Comprehension Complexity is terrible. It delays gratification without a pay-off (at least other than knowing you were patient enough to get there). It gatekeeps players who are unfamiliar with the language, who are having trouble focusing (today or always), or who aren't as good at interpreting turgid prose (like this). It gives players more work to do memorizing the set and playing the game. It just gets in the way.

Board Complexity isn't great either. Having a bunch of moving parts in play that you can string together to do something more or unexpected is cool, but when you have too much you are presented with a problem that you know has an optimal solution—one that you could figure out given enough time—but your time is limited, and so you feel rushed and you feel inadequate. If I ask you what 5x7 is, most of you will snap that answer back and feel great. If I ask what 57x75 is, most of you could figure it out, but it feels like work.
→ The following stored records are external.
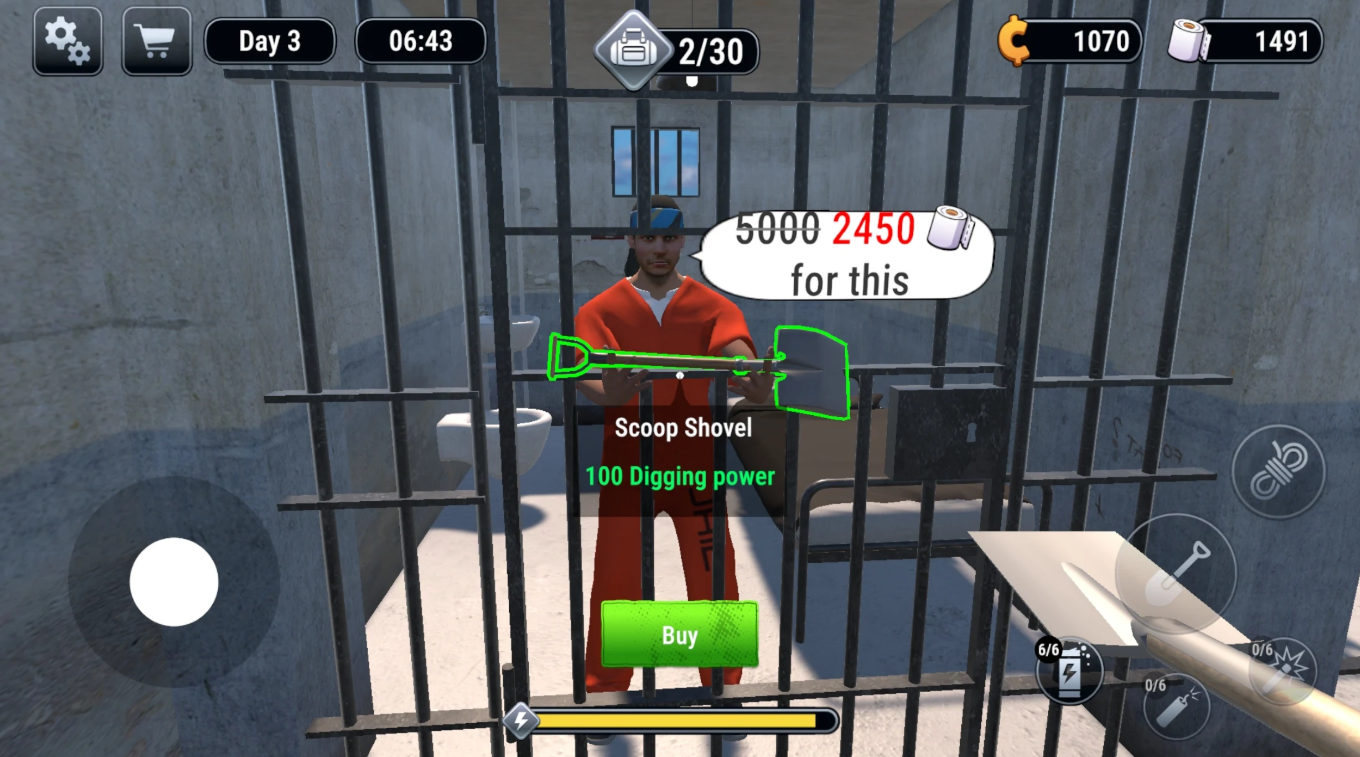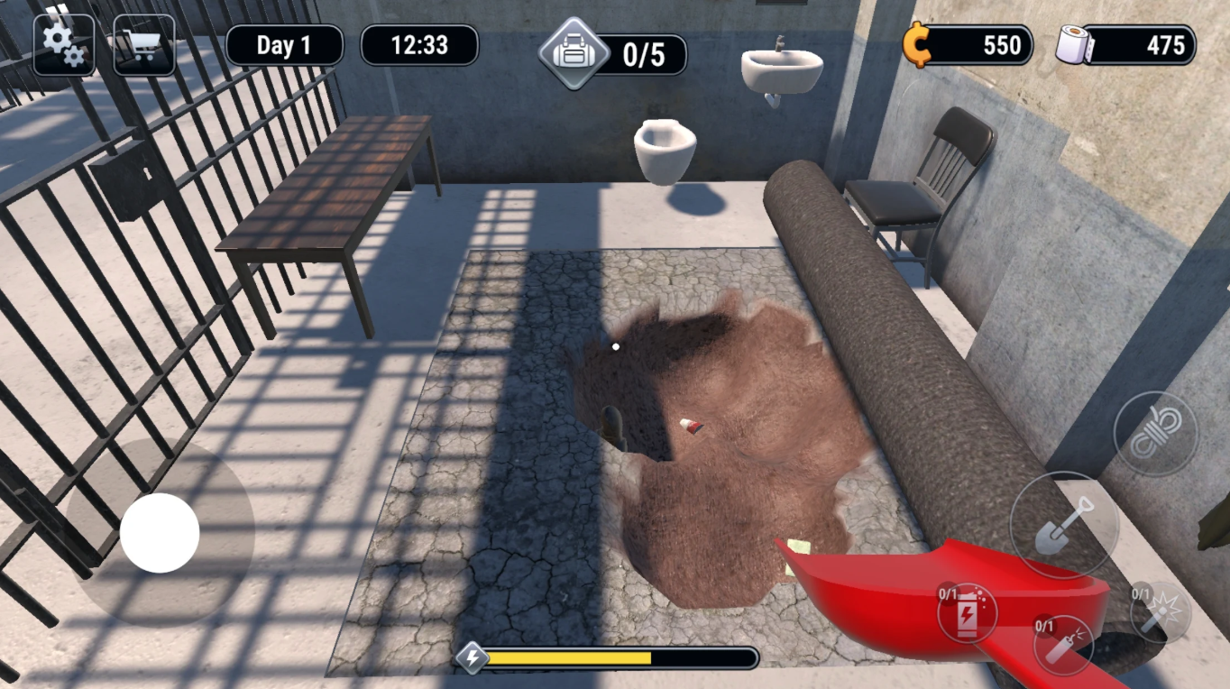 هذا هو جوهر اللعبة. في البداية، ستقوم بإزاحة السجادة في زنزانتك لتبدأ الحفر باستخدام أدوات بدائية.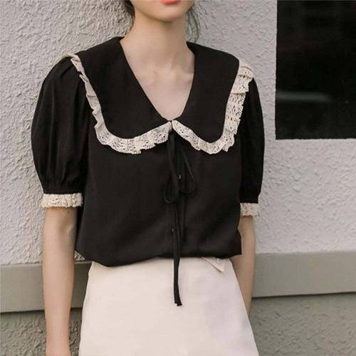 TEMU 대비되는 레이스 잠금 아이 컬라 스캘럽 트림 셔링 디테일 블라우스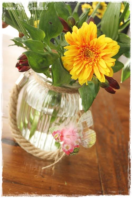 …restina af blómunum stytti ég vel og setti í krukkuna sætu, sem ég sýndi í Rúmfatalagers-innlitinu í morgun.  Þetta er kertakrukka, en mér finnst hún æði með blómum í.  Þið ættuð líka að vera óhræddar við að stytta svona búntablóm, því að oft eru þau bara mikið fallegri í lægri vöndum…
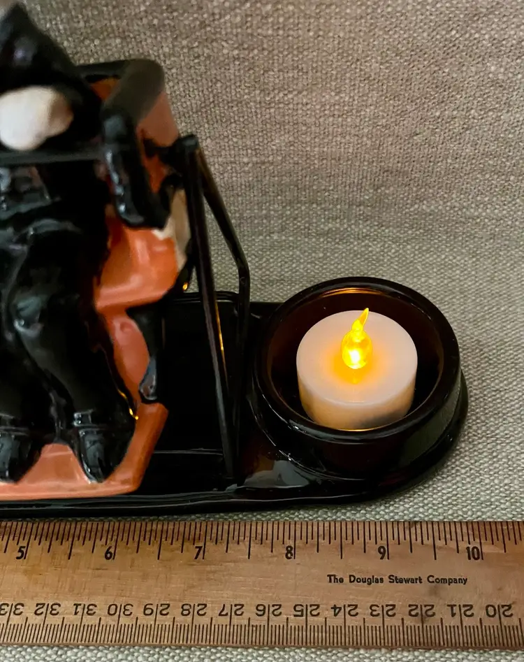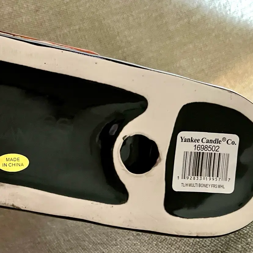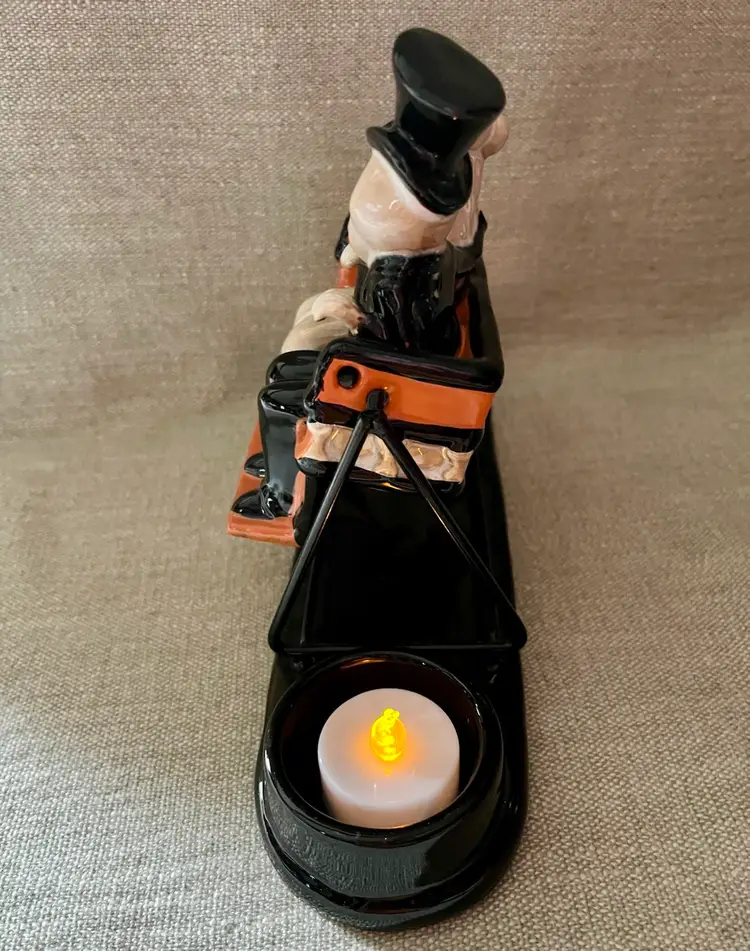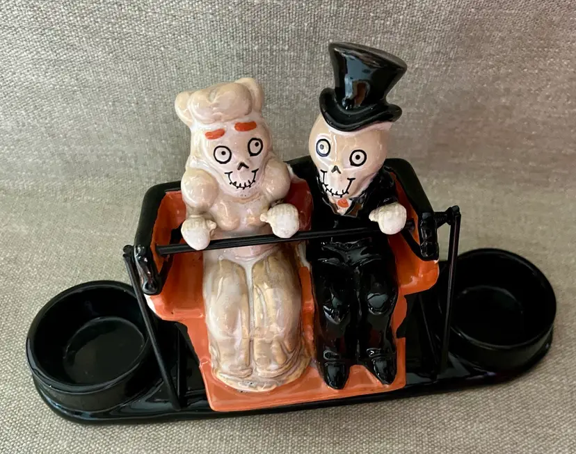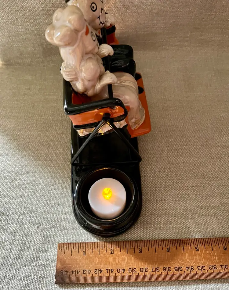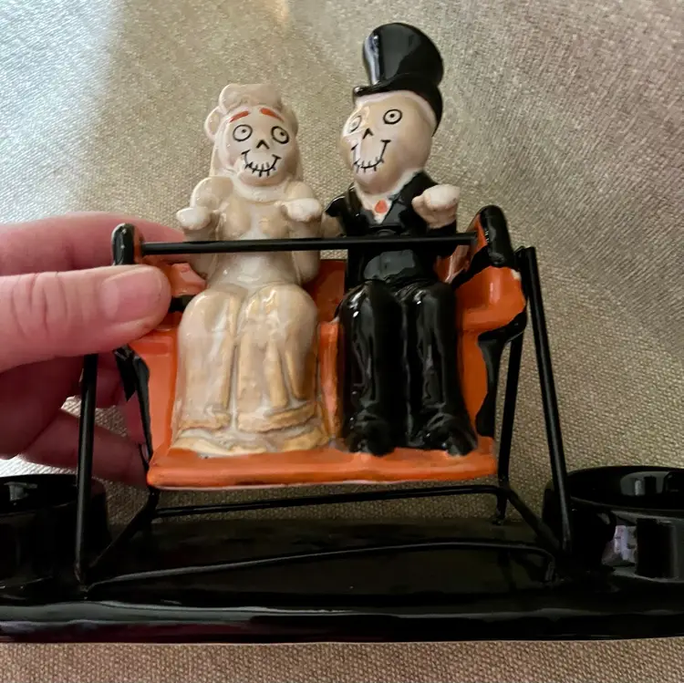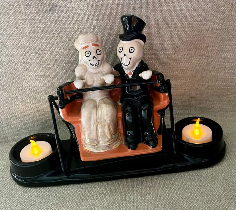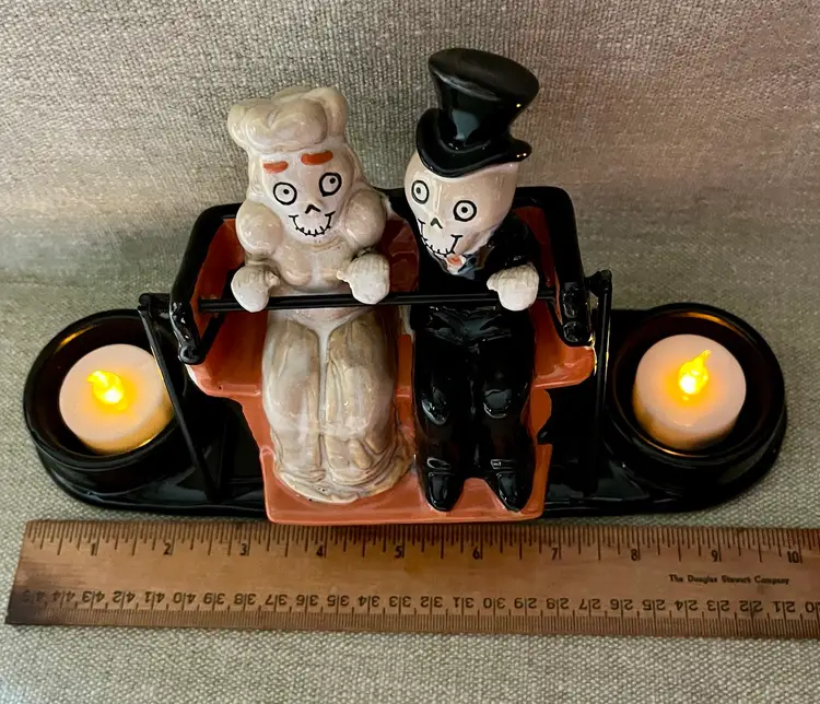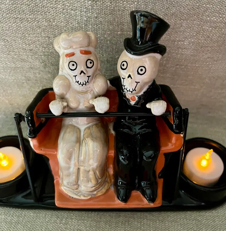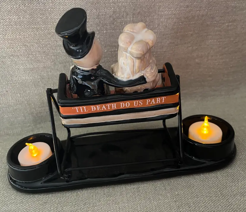 The Yankee Candle Newlyweds Boney Bunch Till Death Do Us Part Ferris Wheel Ride Votive Holder is a unique and whimsical addition to your Halloween decor as they take their first forever boos ride. This ceramic tea light holder features a double tea-light bookended couple, perfect for creating a spooky ambiance. The multicolor design with a Halloween theme and gothic style adds a touch of dark humor to your seasonal celebrations. With a human skeleton wedding couple subject and circus misfortunes theme, this 2021 retired collectible is sure to stand out in your home as a decorative piece. Tea lights do NOT come with this - for display in photography only. Please look at all the photos and short video clip prior to deciding to make a purchase. This is a gently used / pre-owned item with anticipated use, dust, possibly wax and a tiny space of missing glaze from the manufacturer on its metal connector to the ceramic. This piece does have movement on the “bench” as seen in video clip. Buyer is strongly encouraged to review the photos and decide for themselves its condition as my interpretation may not align with yours. Prior to a purchase, questions not answered in photos, details, description are welcome.

Strategic Complexity has its limits too—all complexity does—but is commonly either welcome or unnoticed. One way to identify strategic complexity is when you notice a secondary use for a card (or game piece or rule) that wasn't immediately obvious when you first read it. Or when you're looking two or more turns ahead to inform your immediate choices. These are things new players don't have  bandwidth to process, but it's okay because they also don't have the experience to see them.

Format Complexity is arguably just a combination of comprehension and strategic complexity on a broader scale. What I'm trying to get at with this concept is the kind of thinking required to build decks for Constructed or to Draft competitively. Looking at the spoiler for a new set and determining not just which cards are tournament-viable in the abstract, but in the specific context of the current Standard. This is very closely related to the Metagame, but not exactly. This work becomes less fun and more work as the number of cards, mechanics, and synergies in the format increase. That said, because players can spend as long as they want computing the problem, those who enjoy that can do so at their leisure.

Rules Complexity is sort of a sub-set of comprehension complexity, but specifically in reference to learning, understanding, and applying the rules of the game, where the other tends to focus more on card text. It's worse than comprehension complexity, because it requires reading a long and dry document as opposed to some beautifully illustrated cards, and failure means you either can't play the game at all or play it wrong as opposed to simply having to avoid a couple weird cards.

For #28, A & E are the most problematic for new players. B & D are fair answers. C is not a factor.

For #29, C & D are the most compelling for established players. B is a fair answer. E is weak. A is unacceptable.

#30 is so subjective. A, E & D are all good answers. I sort of think in that order, but whatever. C is fine. B is awful.

#31 is also fairly subjective, but E, A, & B are definitely better answers (again, I think vaguely in that order) than C or D (which are inaccurate).

I apologize for the squishiness of these questions and answers; I'm trying to fit in as many questions as possible in the few days we have left before the actual quiz.

These questions test your understanding of complexity in Magic and games. Useful articles: NWO, Lenticular Design & Complexity Vs Depth.

3 comments:

  1. Notes and answers before clicking through:

    Comprehension, board, and strategic complexity are defined in Maro's New World Order article. I assume "Rules Complexity" (not a term Maro has personally used AFAICT) refers to the rules details that make a mechanic work and how it behaves in edge cases, and "Format Complexity" (ditto) is like strategic complexity, but for a metagame.

    The NWO article makes clear that Comprehension and Board are the ones that Maro's worried about as issues for beginners. Board seems like the secondary issue, both because R&D ran into it after addressing Comprehension, and because with Board you at least get to play the cards. So I'd say Comprehension is the most problematic. 28-A.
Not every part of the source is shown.